Good Omens: The Nice and Accurate Prophecies of Agnes Nutter, Witch is a terrifically amusing novel from Terry Pratchett and Neil Gaiman about an angel and demon coming together in an attempt to save the Earth from Armageddon. Adapted as a six-part Amazon series, the first episode introduces us to both the angel Aziraphale (Michael Sheen) and the demon Crowley (David Tennant) who have grown quite comfortable on Earth sine being stationed there before Eve plucked the apple from the tree in the Garden of Eden. Having formed an unlikely friendship in their shared exile, neither is all that keen on the coming of the Antichrist and the end of the world. After a brief set-up, including the pair's first meeting, "In The Beginning" jumps forward eleven years prior to present day when Crowley is tapped to deliver the baby Antichrist into the arms of the human couple who will unknowingly raise it to destroy the world. As latch-ditch plans go, this one isn't so bad... but then fate steps in.

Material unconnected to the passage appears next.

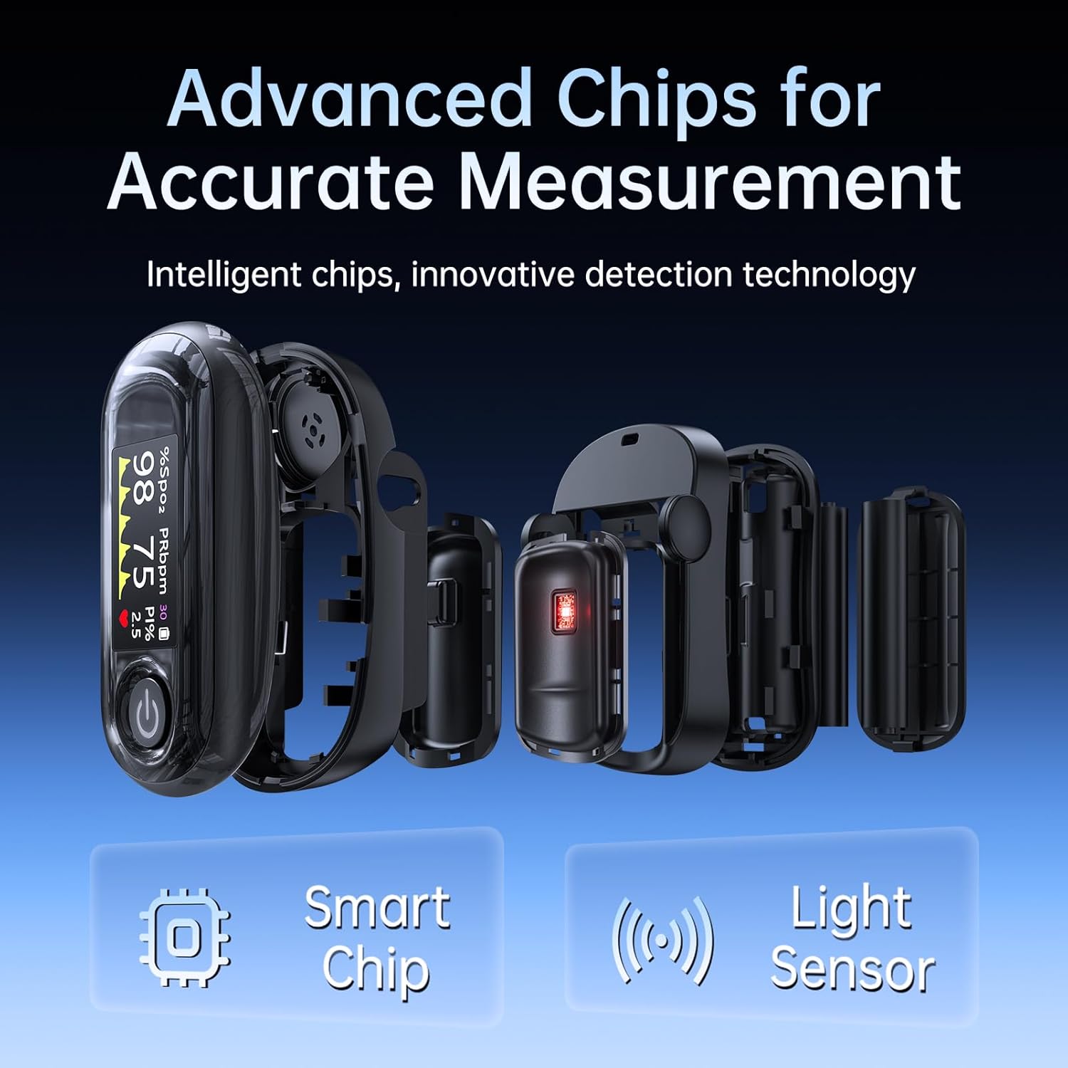 Pulse Oximeter, 4 Color OLED Display Oxygen Monitor Fingertip with 20 × Memory, Blood Oxygen Saturation Monitor (SpO2), Alarm & Brightness Adjustable, Batteries & Lanyard (Black)

Narrated by Frances McDormand, who helps provide context and some of the jokes hidden in the book's footnotes, we get short glimpses of the the pair attempting to each teach the young boy they believe to be the Antichrist (believing that learning from both an angel and a demon will make the child more human than demon or angel and prevent the end of the world). There is however one slight problem; they have the wrong kid. The show's opening episode does a fairly good job at introducing our two main characters and setting up events of that fateful night when the Antichrist is not substituted for the proposed American couple but a British couple blissfully unaware they've just taken the spawn of Satan home with them. Ending with the arrival of the Hellhound (who is given a much different greeting from his new master than expected), meant to unleash the Antichrist's full powers and trigger the beginning of Armageddon, it's only here that the angel and demon discover their mistake. And so the misadventure begins.

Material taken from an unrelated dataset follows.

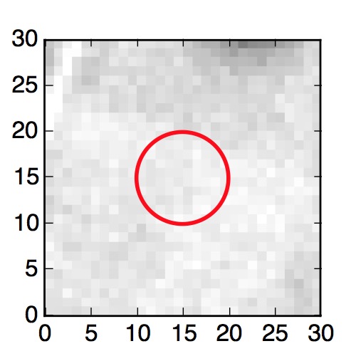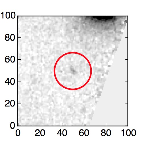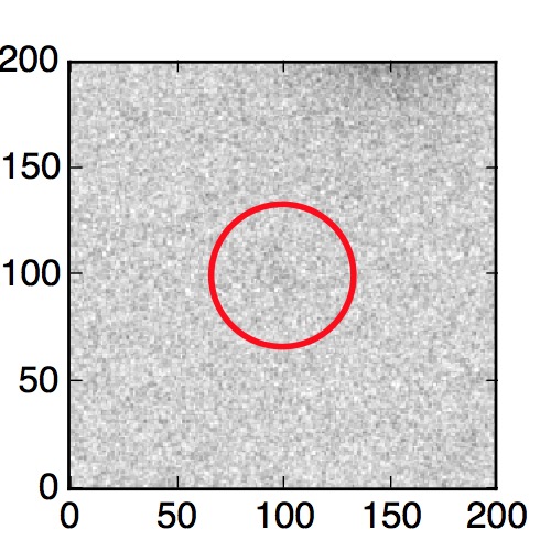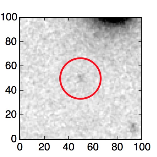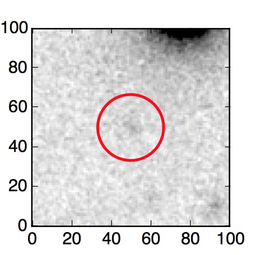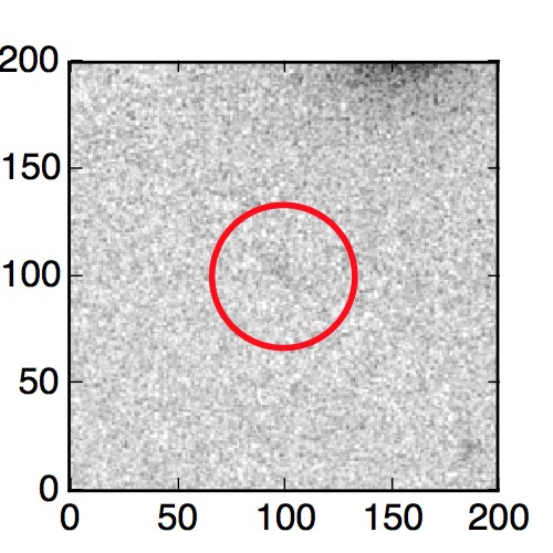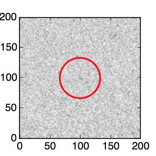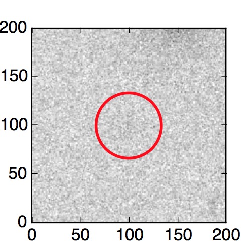 The red circle in the various panels is 1" in radius. The images are 6"x6".

I've always compared the book to the original Hitchhiker's Guide to the Galaxy, and the show definitely keeps that same feel. Adapted from the original work by Neil Gaiman himself, Amazon's series makes good use of both its stars as Tennant gleefully enjoys playing the morally-bankrupt Crowley and Sheen shines best when Aziraphale allows himself to be talked into the unthinkable by his best-friend. One-sixth of the way through, the series has captured the absurdity, humor, and world-ending dread just around the corner. I'm very curious to see where things go from here.